Extra 1% provisioning will eat up profits, yet it is good
BI Report || BusinessInsider
Pandemic risk management for banks
The Bangladesh Bank has imposed an additional 1% provisioning against unclassified loans of banks on top of previous 0.25% to 2%, amid fear of hike in bad loans after the withdrawal of loan moratorium facility for Covid-19 on December 31.
The move will seriously affect banks’ profits, yet some bankers believe this will help banks create a buffer to absorb shocks in the way of a jump in nonperforming loans next year.
“It is a good decision for the banking sector in a pandemic situation. Otherwise, there will be huge pressure on banks next year,” said Naser Ezaz Bijoy, chief executive officer of Standard Chartered Bangladesh.

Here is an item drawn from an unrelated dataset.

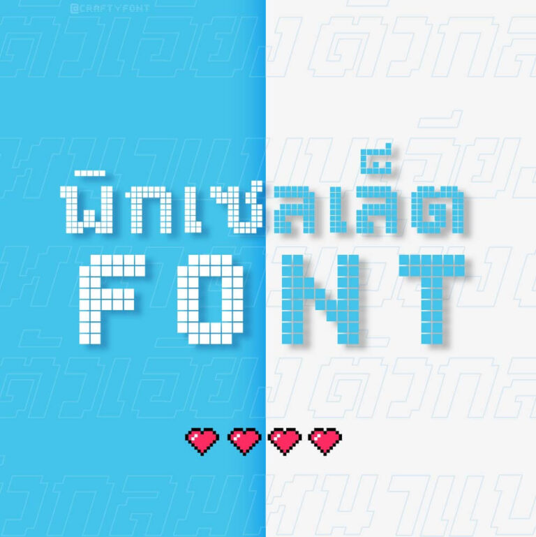 ฟอนต์พิกเซลเล็ต มาในรูปแบบตัวเม็ดพิกเซลสุดคลาสสิก ตอนแรกกะจะทำแบบแถวเดียวทึบ ให้ความกว้างไม่เกิน 5-6 เม็ดพิกเซล แต่ทำไปทำมาบางตัวกว้างไปถึง 12 พิกเซลเลย แหะๆ
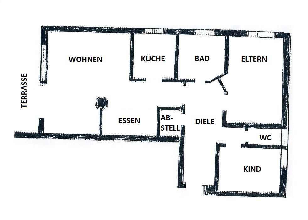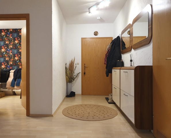 In der Wohnung erwartet Sie eine Diele mit Zugang in alle Räumlichkeiten. Auf der rechten Seite befinden sich das Kinderzimmer, die Gäste-Toilette mit Tageslicht und das Schlafzimmer. Geradeaus liegt das Tageslichtbad, welches eine Badewanne, eine Dusche, ein WC und einen Waschmaschinenanschluss umfasst. Des Weiteren erwartet Sie linkerhand ein Abstellraum, die Küche sowie das geräumige Wohn- und Esszimmer mit Zugang zur großzügigen teilüberdachten Terrasse. Im Wohn-/Esszimmer befindet sich als Highlight außerdem ein integrierter Zimmerbrunnen.

If banks disburse dividends, then they will not have adequate funds to meet the additional provisioning requirement, he said.
As per the central bank rules, banks have to keep 0.25% to 2% provisioning against unclassified loans. Provisioning is lowest, at 0.25%, for SME loans.
In a circular on Thursday, the BB said banks will have to keep additional 1% provisioning under the head of “Special General Provision Covid-19” while preparing their financial statements for 2020.
Additional requirements for provisioning would be over Tk9,000 crore — more than half of the industry’s annual profits before tax.
On March 19, the central bank, amid the outbreak of the Covid-19 pandemic, asked banks not to downgrade the classification of borrowers who failed to pay loan instalments until June 30.
That facility was later extended until December 31.
“After the facility ends on December 31, there could be a hike in bad loans. So, to keep the financial stability of the banks, we took such a decision,” a senior BB official, seeking anonymity, told Business Insider.
Until further instructions of the central bank, the banks would not be allowed to transfer the “Special General Provision Covid-19” to any other segment, the BB notice said.
As per the notice, banks will have to follow a number of instructions in booking unrealised interest or income imposed against the loans that have become irregular in 2020.
For transferring the unrealised interest generated against the loans amounting to upwards of Tk10 crore to the income account, approval from the board based on the audit committee’s recommendation has been made mandatory.
For booking interest generated against loans ranging between Tk5 crore and Tk10 crore to the income account, approval from the managing director is a must.
For booking interest generated against loans of up to Tk5 crore to the income account, approval from the monitoring authority of a branch along with the recommendation of the branch head has been made mandatory.